The milk price forecast for the current season was in a range of $ 5.90 to $ 6.90 per kg, unchanged from its previous forecast.
For last season, Fonterra settled at $ 7.14 per kg. With the dividend, the final cash payment is $ 7.19 per kg.
Under its new customer-led operating model, Hurrell said the cooperative had had a strong first half, but the pandemic had hit the second half, particularly in its consumer and foodservice businesses.
Fonterra had achieved its key financial objectives with normalized earnings of 24 cents per share, a total normalized group gross profit of $ 3.2 billion, a reduction of $ 181 million in capital expenditures and a reduction of $ 1.1 billion in debt.
The debt to EBITDA ratio has now improved to 3.4 times earnings, down from 4.4 times.
The stronger balance sheet had allowed Fonterra to focus on managing Covid-19.
“The demand for dairy products so far has proven to be resilient and our diverse customer base and our ability to change our product mix and move products between markets has meant that we can continue to create value,” he said.
Hurrell said the main drivers of underlying business performance were a strong normalized gross profit in the Ingredients business and, although there was the disruption from Covid-19, strong sales and gross margins of the Greater China Food Services business in the first half of the year. year.
Ingredients normalized EBIT improved from $ 790 million last year to $ 827 million this year, with a normalized gross profit of $ 165 million to $ 1.6 billion.
“As we progressed into the second half, we saw restaurant, cafeteria and bakery closures and intermittent spikes in supermarket sales, creating uncertainty in the global dairy market. This uncertainty resulted in a softening of prices. of milk, which helped improve gross margin and gross profit in Ingredients. “
Greater China Foodservice’s normalized EBIT increased from $ 114 million last year to $ 169 million this year.
Hurrell said the business achieved strong year-over-year sales growth in the first half of the year, but was then hit hard by Covid-19 when many food outlets were closed.
Normalized gross profit began to recover rapidly in the third quarter, although it said it has not yet returned to normal.
There was significant growth across the Anchor Food Professional product range in China.
As stated earlier in its guidance for the third quarter, Fonterra’s foodservice businesses in Asia, Oceania and Latin America were affected by Covid-19 in the fourth quarter, with all three markets reporting losses in the second half.
Despite this, normalized EBIT for foodservice overall increased 14 percent from last year to $ 209 million.
Normalized EBIT of the consumer business decreased to $ 149 million from $ 227 million, primarily as a result of impairments of $ 57 million related to the Chesdale brand and goodwill from the New Zealand consumer business.
Hurrell said the Australian consumer business performed strongly and sales continued to grow thanks to its popular beverages, spreads and cheeses.
Despite the better performance this year, due to the post-Covid-19 economic outlook, future cash flow projections for Fonterra’s New Zealand Consumer business were lower than estimated, leading to a reduction in the fund. trade from $ 21 million to $ 699 million.

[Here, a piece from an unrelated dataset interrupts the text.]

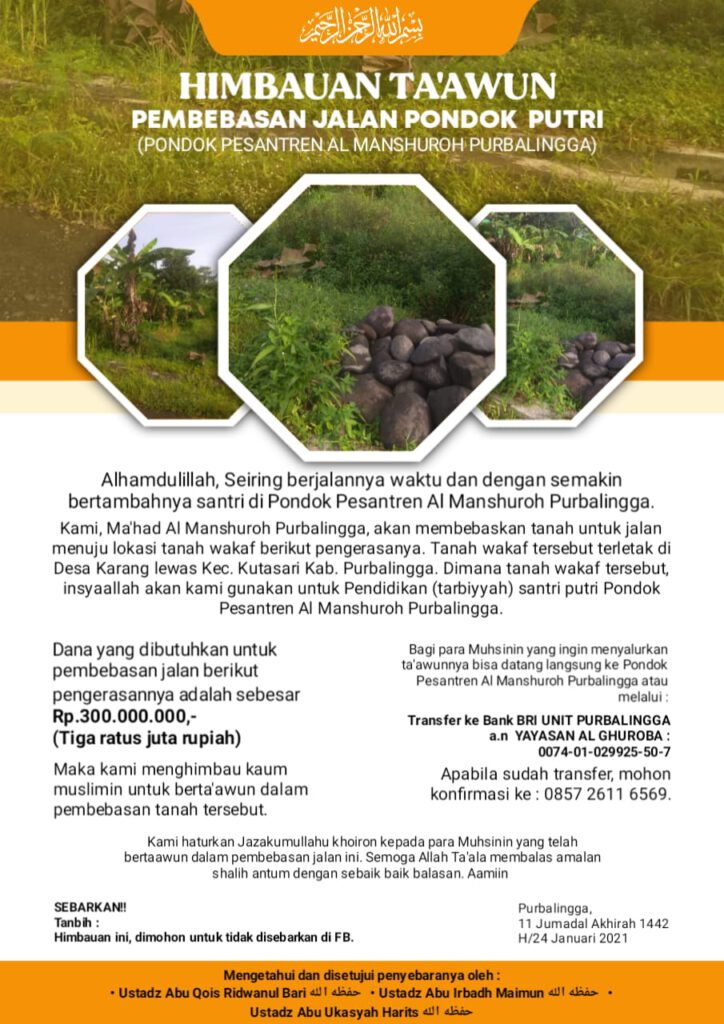 ? Kami, Ma’had Al Manshuroh Purbalingga, akan membebaskan tanah untuk jalan menuju lokasi tanah wakaf berikut pengerasanya. Tanah wakaf tersebut terletak di Desa Karang lewas Kec. Kutasari Kab. Purbalingga. Dimana tanah wakaf tersebut, insyaallah akan kami gunakan untuk Pendidikan (tarbiyyah) santri putri Pondok Pesantren Al Manshuroh Purbalingga.

“This year marks a return to dividend payments, a position we hope to maintain in the future, assuming normal operating conditions,” said President John Monaghan.

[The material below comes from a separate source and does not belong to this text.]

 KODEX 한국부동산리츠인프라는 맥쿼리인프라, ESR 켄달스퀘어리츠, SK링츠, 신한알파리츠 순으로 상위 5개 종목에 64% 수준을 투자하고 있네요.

“In the context of so much uncertainty, as Covid-19 continues to impact our key markets and customer confidence, distributing a 5 cent dividend is a prudent decision and balances our goals to further reduce debt and distribute the profits.” Monaghan said. .
Looking ahead, Monaghan says the impact of COVID-19 was still occurring globally.
“From a milk price perspective, the supply and demand outlook remains finely balanced and for that reason we maintain our previous forecast range for this season,” he said.
“There remain significant uncertainties, including how the global recession and new waves of Covid-19 will affect demand globally and what will happen to the price relativities between the products that determine the price of our milk and the rest of the world. our product range “.
Fonterra units listed on NZX last traded at $ 4.05, having risen 26.6 percent in the past 12 months.